Xu I S, Grass S, Xu X J, Wiesenfeld-Hallin Z
Department of Medical Laboratory Sciences and Technology, Karolinska Institute, Huddinge University Hospital, Sweden.
Neuroscience. 1998 Aug;85(3):827-35. doi: 10.1016/s0306-4522(97)00676-3.
The effects of exogenous and endogenous galanin on spinal flexor reflex excitability was evaluated in rats one to eight days after the induction of inflammation by subcutaneous injection of carrageenan into the sural nerve innervation area. In normal rats, electrical stimulation of C-fibres in the sural nerve elicited a brisk reflex discharge. Conditioning stimulation of C-fibres (1/s) generated a gradual increase in reflex magnitude (wind-up), which was followed by a period of reflex hyperexcitability. Intrathecal galanin dose-dependently blocked reflex hyperexcitability induced by C-fibre conditioning stimulation whereas i.t. M-35, a high-affinity galanin receptor antagonist, moderately potentiated this effect. At one to three days after the injection of carrageenen, when inflammation was at its peak, the magnitude of the reflex was significantly increased and discharge duration became prolonged. However, wind-up and reflex hyperexcitability were significantly reduced. Furthermore, reduced reflex excitability during conditioning stimulation ("wind-down") and depression of the reflex were sometimes present, which are rarely observed in normal rats. Intrathecal galanin reduced hyperexcitability during inflammation, although its potency was weaker than in normals. However, the galanin receptor antagonist M-35 strongly enhanced wind-up and reflex hyperexcitability, similarly as in normal rats. The baseline flexor reflex, wind-up and C-fibre conditioning stimulation-induced facilitation were normalized four to eight days after carrageenan injection when signs of inflammation were diminishing. Interestingly, intrathecal galanin and M-35 failed to influence spinal excitability. The results suggest a complex functional plasticity in the role of endogenous galanin in mediating spinal excitability during inflammation. There appears to be an enhanced endogenous inhibitory control by galanin on C-afferent input during the peak of inflammation, which may explain the relative ineffectiveness of exogenous galanin. During the recovery phase there may be a reduction in galanin receptors, which may impair the action of endogenous and exogenous galanin. These results further support the notion that galanin is an endogenous inhibitory peptide in nociception.

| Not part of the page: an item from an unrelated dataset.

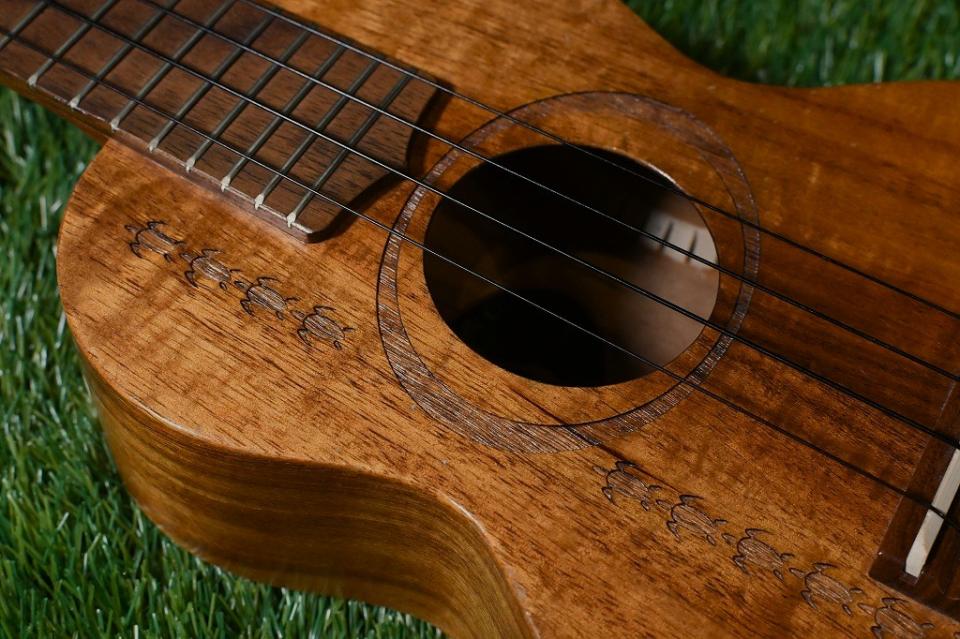 ボディトップの4弦側にレーザー彫刻にて施されたホヌのデザインが目を引く一本です。
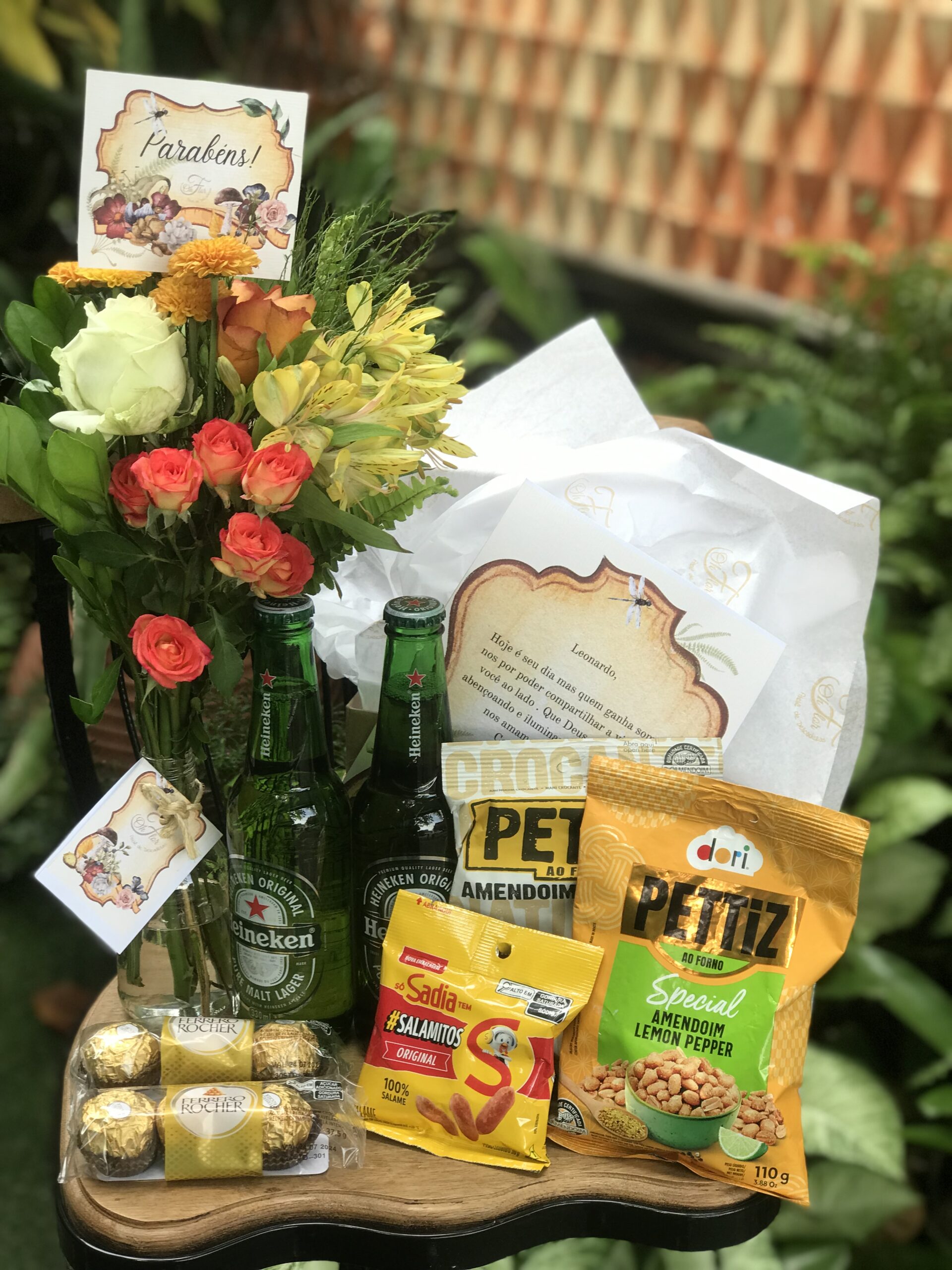 Combinação perfeita: A união de flores frescas, cervejas geladas, amendoim crocante, Ferrero Rocher e salame, um presente que agrada a todos os gostos e ocasiões.

通过向大鼠腓肠神经支配区域皮下注射角叉菜胶诱导炎症后1至8天,评估外源性和内源性甘丙肽对脊髓屈肌反射兴奋性的影响。在正常大鼠中,腓肠神经C纤维的电刺激引发快速的反射放电。C纤维的条件刺激(1次/秒)使反射幅度逐渐增加(后放电增强),随后是一段反射性兴奋性增强的时期。鞘内注射甘丙肽剂量依赖性地阻断了C纤维条件刺激诱导的反射性兴奋性增强,而鞘内注射高亲和力甘丙肽受体拮抗剂M-35则适度增强了这种效应。在注射角叉菜胶后1至3天,炎症处于高峰期时,反射幅度显著增加,放电持续时间延长。然而,后放电增强和反射性兴奋性增强显著降低。此外,有时会出现条件刺激期间反射兴奋性降低(“后放电减弱”)和反射抑制,这在正常大鼠中很少见。鞘内注射甘丙肽可降低炎症期间的兴奋性增强,尽管其效力比正常情况下弱。然而,甘丙肽受体拮抗剂M-35强烈增强后放电增强和反射性兴奋性增强,与正常大鼠情况类似。角叉菜胶注射后4至8天,当炎症迹象逐渐消失时,基线屈肌反射、后放电增强和C纤维条件刺激诱导的易化作用恢复正常。有趣的是,鞘内注射甘丙肽和M-35未能影响脊髓兴奋性。结果表明内源性甘丙肽在炎症期间介导脊髓兴奋性方面具有复杂的功能可塑性。在炎症高峰期,甘丙肽对C传入输入的内源性抑制控制似乎增强,这可能解释了外源性甘丙肽相对无效的原因。在恢复阶段,甘丙肽受体可能减少,这可能损害内源性和外源性甘丙肽的作用。这些结果进一步支持了甘丙肽是伤害感受中的内源性抑制肽这一观点。